# Loon Echo Photography



## Funditor (Feb 11, 2008)

Hey guys,

Thought I'd share my latest creation with you, a photography website. Yes, I know that I am an amateur selling some prints, but.... there aren't any even half-decent photos of loons out there, so I have a natural monopoly on the market.

Loon Echo Photography



If you want to send the site to someone, here's the link: http://gallery.funditor.org/

Any suggestions? Criticism more welcome than compliments.

Regards,
Funditor

Update 2/13/08:
 Limited promotional going on now for TPF members. 10" Prints for $12, Free Shipping. Read about it here!


----------



## DigiJay (Feb 11, 2008)

Some great shots, I hope you are successful, good luck.


----------



## Puscas (Feb 11, 2008)

nice shots. So there's a whole market for loon pictures? (just curious, I don't want to interfere with your monopoly..:mrgreen




pascal


----------



## KOrmechea (Feb 11, 2008)

Just a continuity thing: Loon is in your title, but the picture to enter the gallery is a little froggy guy. It's not a big deal, just something to consider.

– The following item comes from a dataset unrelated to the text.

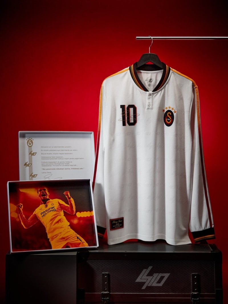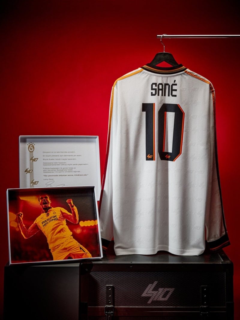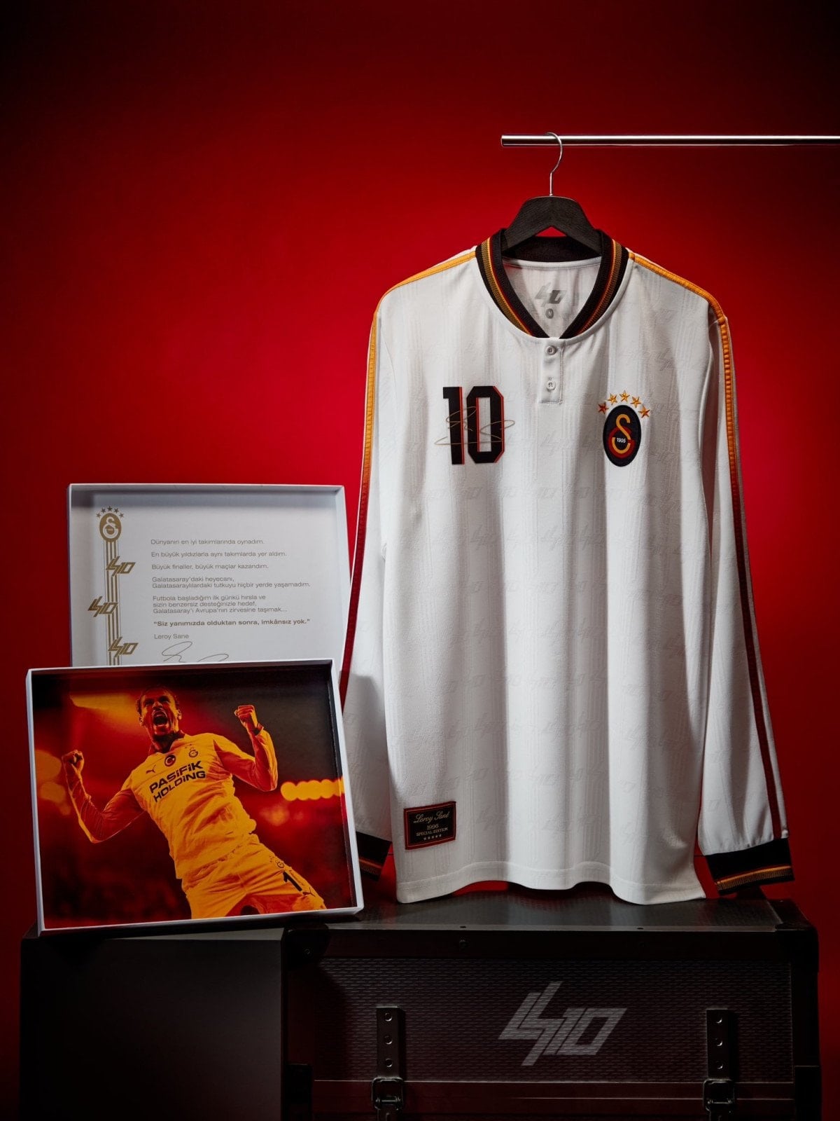 Hazırlanan özel kutuyla satışa çıkarılan beyaz 10 numaralı uzun kollu formanın önünde, 5 yıldızlı Galatasaray logosu ve Leroy Sane'nin imzası yer aldı.

Other than that, you've got some great shots (including the little froggy guy).  Good luck.


----------



## Funditor (Feb 12, 2008)

Puscas said:


> nice shots. So there's a whole market for loon pictures? (just curious, I don't want to interfere with your monopoly..:mrgreen
> 
> 
> 
> ...



Haha, not yet.... I'm the pioneer!



Thanks for the compliments and suggestions guys.


----------



## Funditor (Feb 12, 2008)

Site's been updated. Please let me know what you think 


Loon Photos


----------



## Fang (Feb 13, 2008)

I like it a lot, my favorites are the croc and the frog. Look forward to seeing more.


----------



## Funditor (Feb 13, 2008)

Limited promotional going on now for TPF members. 10" Prints for $12, Free Shipping. Read about it here! 

Thanks Fang, more will be added as I sift through my hard drive and as I get out shooting. Miserable weather and lighting here for two straight weeks! I hope to have some great bald eagle shots up by the end of the month (they will be my first photos with my new camera and lens!).


----------